Through the storm of shrapnel, grape and rifle fire, Nunn saw that a large group from the Light had managed to get out all at once in front of the Quarries, and were assembling about twenty yards from the British line. The last vestiges of the Division’s first wave, its Forlorn Hope, were falling in with them. A proper forming-up was proving impossible, however, as the troubled mass of men shifted constantly, none of them wanting to be left exposed at the front or sides. They were like a shoal of crimson fishes being menaced by unseen sharks. Every moment, these rapid, invisible predators would swoop in from the mingled clouds of smoke, mist and dust to claim a few more of their number.
Without thinking, Nunn sprinted over, a ricochet whining by his boot. Colonel Yea, his monocle in place, strode up to them, stepping over bodies, yelling for order, for a disciplined retreat to the trenches. ‘Bugler!’ he screamed, looking around him. ‘This will never do!

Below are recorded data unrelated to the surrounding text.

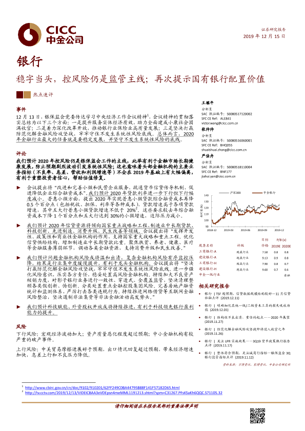 【中金公司】【20191215】银行热点速评:稳字当头,控风险仍是监管主线;再次提示国有银行配置价值-5页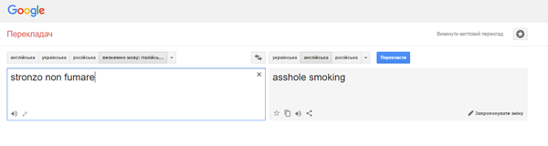 10 Kenner В пиццерии в моем городе 9 лет назад Увидел и решил загуглить точный перевод. Был немного удивлен) В коментах подсказали что точное значение "мудак, не кури!" Показать полностью 2 [моё] Юмор Тернополь Курение Итальянский язык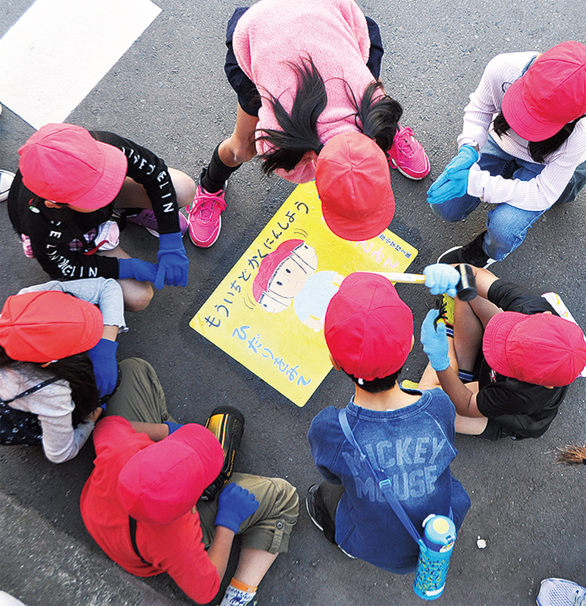 ステッカーは4クラスが1枚ずつデザインし、同小学校区内の交差点40カ所に設置。班ごとに分かれた児童らは保護者や市職員、地域の自治会員らとともに設置作業を行った。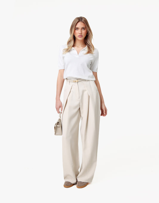 Art. Nr. : 12963- Was advies: handwas- Droger: nee- Details: recht model / plooien detail / echte zakken / knoop en rits sluiting - Model lengte: 175 cm- Model draagt: maat S
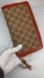 Elegant Gucci wallet with signature logo design. Red trim adds a bold touch. Ideal for daily essentials.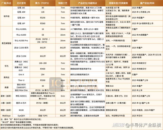 2025年,智驾芯片在算力、性价比、量产等维度实现显著突破。随着智能驾驶的普及,智能驾驶芯片市场上的玩家数量开始收敛。第三方智驾芯片格局稳固的同时,三大造车新势力不约而同地选择了造芯模式。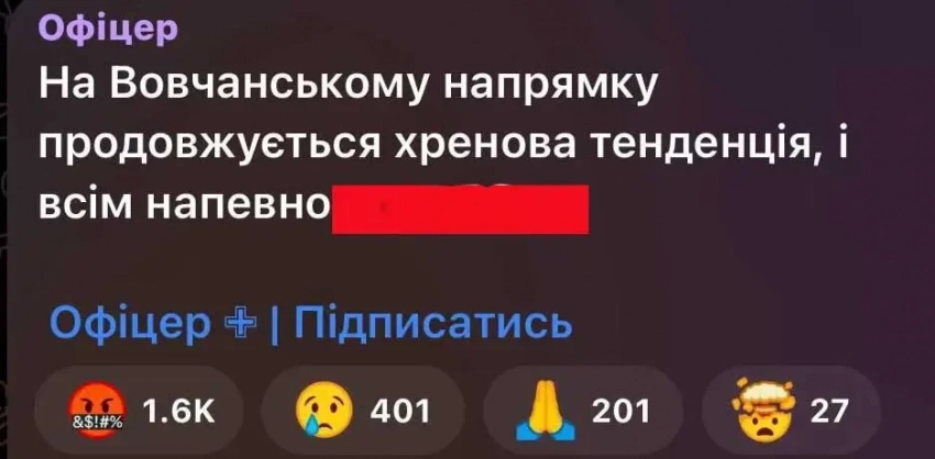 Значительное осложнение ситуации на Волчанском направлении подтверждает и сам противник. В малолитературных формулировках в мессенджерах украинские «волонтёры» и военные пишут о том, как ситуация для ВСУ обострилась в Волчанске, а также к востоку и к западу от него.

Where’s the bloody bugler to call them back? Bugler, damn it!’
Quickly seeing that there was no option but to advance, the brave Colonel paced before the group, directing them to form up, gesturing to the fort ahead, his ruddy face composed, his jaw jutting out defiantly. Nunn understood immediately that it was to be a rush for the batteries, a splendid, dauntless charge; but Yea had not covered more than ten yards with his loping, long-legged gait before he was caught in a tight stream of grapeshot, which whipped his mangled body around in a grotesque twirl before letting it fall before those he led.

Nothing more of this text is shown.